PROBLEM DESCRIPTION. Every line below between the line holding "Entre num reino" and the line holding "東莞三正半山酒店是一家五星級", inclusive, should be repeated exactly, and all other lines omitted.

MATERIAL PROVIDED.

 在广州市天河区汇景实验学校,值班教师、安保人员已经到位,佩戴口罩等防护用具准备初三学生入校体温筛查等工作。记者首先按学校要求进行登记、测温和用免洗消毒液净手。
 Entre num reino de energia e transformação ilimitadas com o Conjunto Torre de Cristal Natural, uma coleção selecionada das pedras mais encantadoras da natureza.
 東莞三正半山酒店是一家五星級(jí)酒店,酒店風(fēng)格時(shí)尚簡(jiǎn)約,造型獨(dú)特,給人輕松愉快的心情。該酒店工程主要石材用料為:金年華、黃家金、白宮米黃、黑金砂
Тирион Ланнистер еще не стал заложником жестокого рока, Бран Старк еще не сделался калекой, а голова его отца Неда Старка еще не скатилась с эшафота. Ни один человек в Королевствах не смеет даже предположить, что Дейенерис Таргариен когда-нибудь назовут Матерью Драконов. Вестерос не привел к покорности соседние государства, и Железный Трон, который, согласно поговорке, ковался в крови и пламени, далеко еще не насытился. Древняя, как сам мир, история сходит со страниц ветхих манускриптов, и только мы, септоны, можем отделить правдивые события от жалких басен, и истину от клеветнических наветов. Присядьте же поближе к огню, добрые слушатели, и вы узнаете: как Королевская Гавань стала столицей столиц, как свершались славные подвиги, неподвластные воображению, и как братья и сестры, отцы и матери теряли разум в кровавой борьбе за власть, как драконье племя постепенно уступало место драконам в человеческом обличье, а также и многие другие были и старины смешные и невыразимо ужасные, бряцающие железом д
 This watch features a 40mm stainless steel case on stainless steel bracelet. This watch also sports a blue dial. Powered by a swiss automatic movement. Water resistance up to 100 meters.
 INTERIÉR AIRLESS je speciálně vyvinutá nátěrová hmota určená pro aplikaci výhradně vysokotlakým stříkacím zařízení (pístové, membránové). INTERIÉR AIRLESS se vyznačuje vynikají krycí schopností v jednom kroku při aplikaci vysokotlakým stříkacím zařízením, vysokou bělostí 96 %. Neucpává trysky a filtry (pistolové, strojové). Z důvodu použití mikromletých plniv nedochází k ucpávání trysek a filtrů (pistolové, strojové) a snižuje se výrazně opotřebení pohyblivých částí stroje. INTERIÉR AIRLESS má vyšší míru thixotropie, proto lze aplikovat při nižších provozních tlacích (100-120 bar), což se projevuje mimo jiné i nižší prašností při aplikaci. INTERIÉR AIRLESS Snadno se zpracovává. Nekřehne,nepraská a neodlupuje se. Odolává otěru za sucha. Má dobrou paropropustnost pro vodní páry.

SOLUTION TO THIS EXERCISE.
 Entre num reino de energia e transformação ilimitadas com o Conjunto Torre de Cristal Natural, uma coleção selecionada das pedras mais encantadoras da natureza.
 東莞三正半山酒店是一家五星級(jí)酒店,酒店風(fēng)格時(shí)尚簡(jiǎn)約,造型獨(dú)特,給人輕松愉快的心情。該酒店工程主要石材用料為:金年華、黃家金、白宮米黃、黑金砂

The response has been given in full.